= David Steadman =

American ornithologist and paleontologist

David William Steadman is a paleontologist and ornithologist, and Curator Emeritus of ornithology at the Florida Museum of Natural History at the University of Florida.

His research has concentrated on the evolution, biogeography, conservation, and extinction of tropical birds, particularly in the islands of the Pacific Ocean. He has also authored over 180 scientific publications. Steadman trained at the University of Arizona as a student of Paul S. Martin, supported by a Predoctoral Fellowship from the Smithsonian Institution.
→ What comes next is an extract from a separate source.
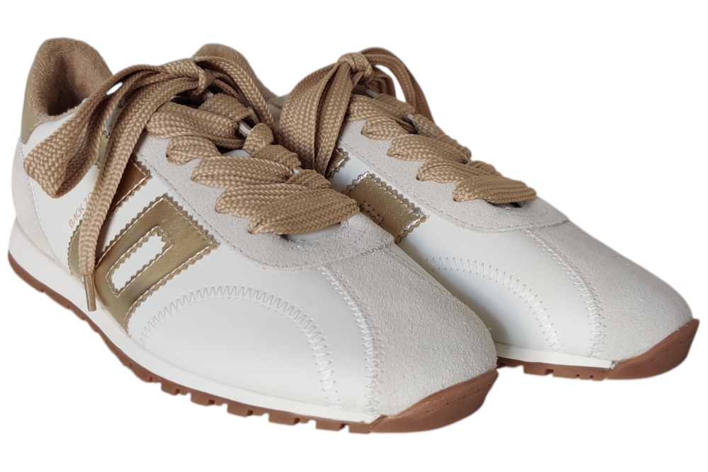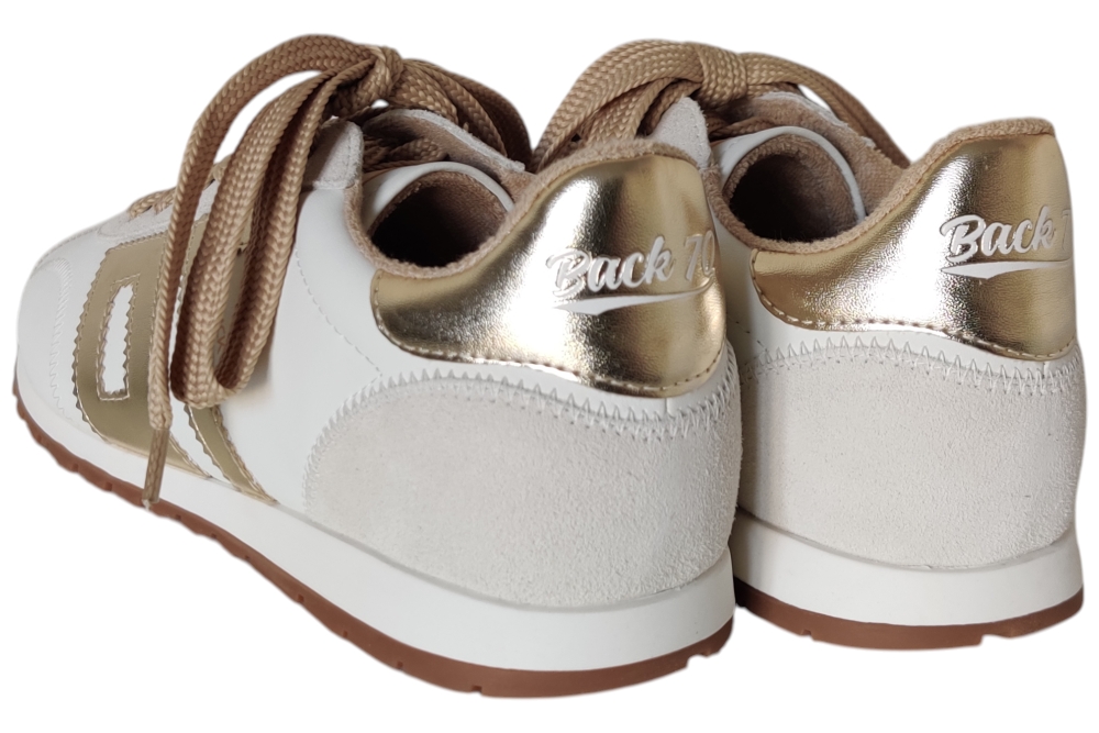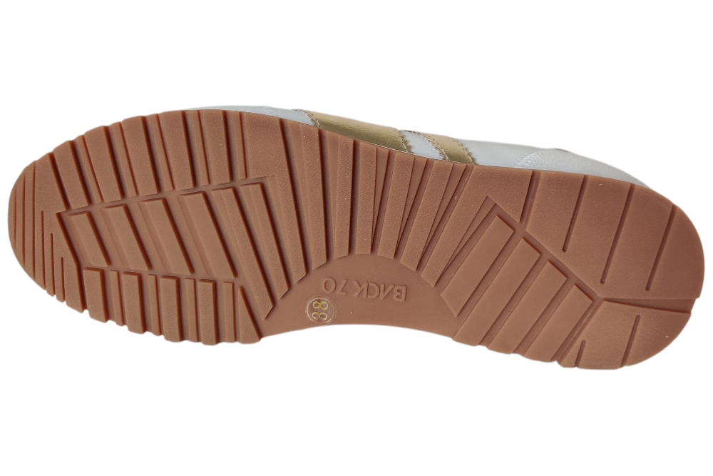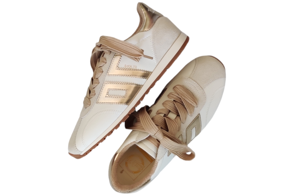 Dames sneaker van BACK 70 . Sportieve sneaker in een combinatie van verschillende materialen en kleuren. Deze sneaker heeft een los voetbed. Materiaal: leer suede combi. Voering: textiel. Kleur: wit goud . Zool: rubber. Hakhoogte: ca 2 cm.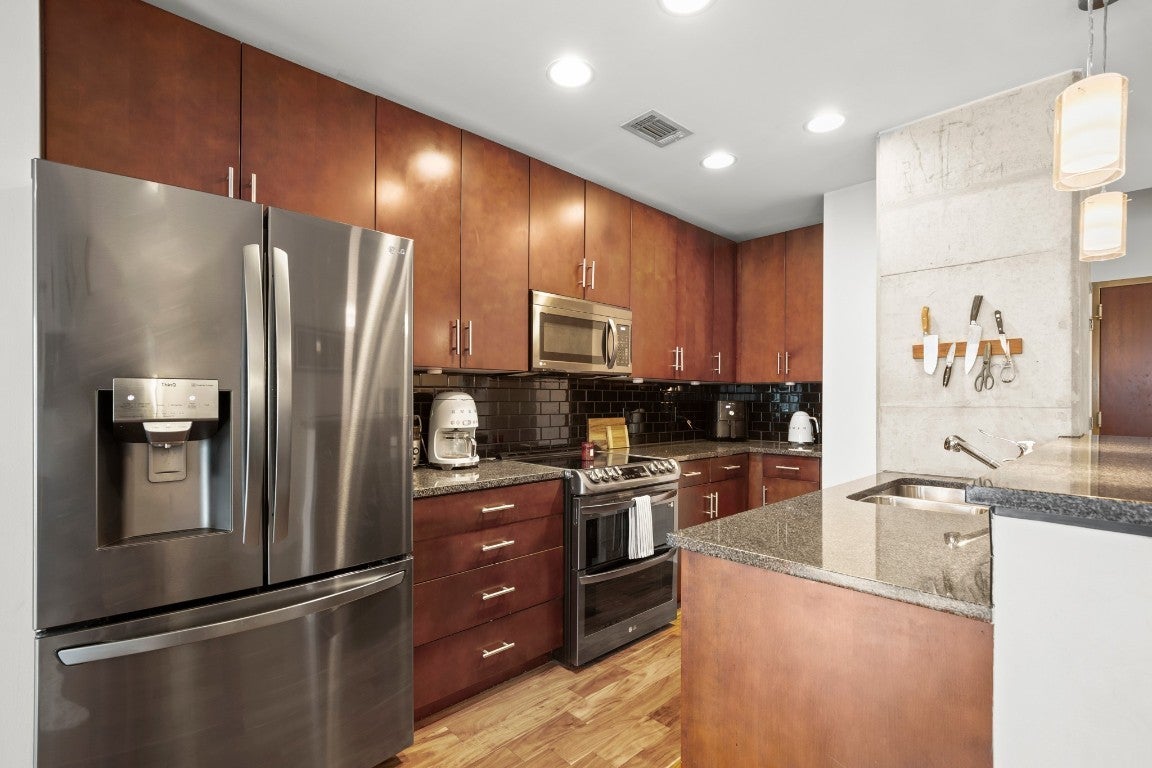 - Built-In Oven, Dishwasher, Free-Standing Range, Disposal, Microwave, Refrigerator, Washer/Dryer Stacked

He has conducted a number of digs at prehistoric sites and uncovered widescale extinctions caused by humans in the early stages of colonisation. He has conducted several expeditions to the Galápagos Islands, and has described a number of extinct species of birds and more recently was involved in discovering that the Solomon Islands frogmouth is a species (instead of a subspecies of the marbled frogmouth, as formerly believed). He worked extensively on Easter Island, carrying out the first systematic excavations of the island in order to identify the plants and animals that once lived there.

==Education==
- Bachelor's degree in Biology from Edinboro State College in 1973.
- Master's degree in Zoology from the University of Florida in 1975.
- Doctorate in Geosciences from the University of Arizona in 1982.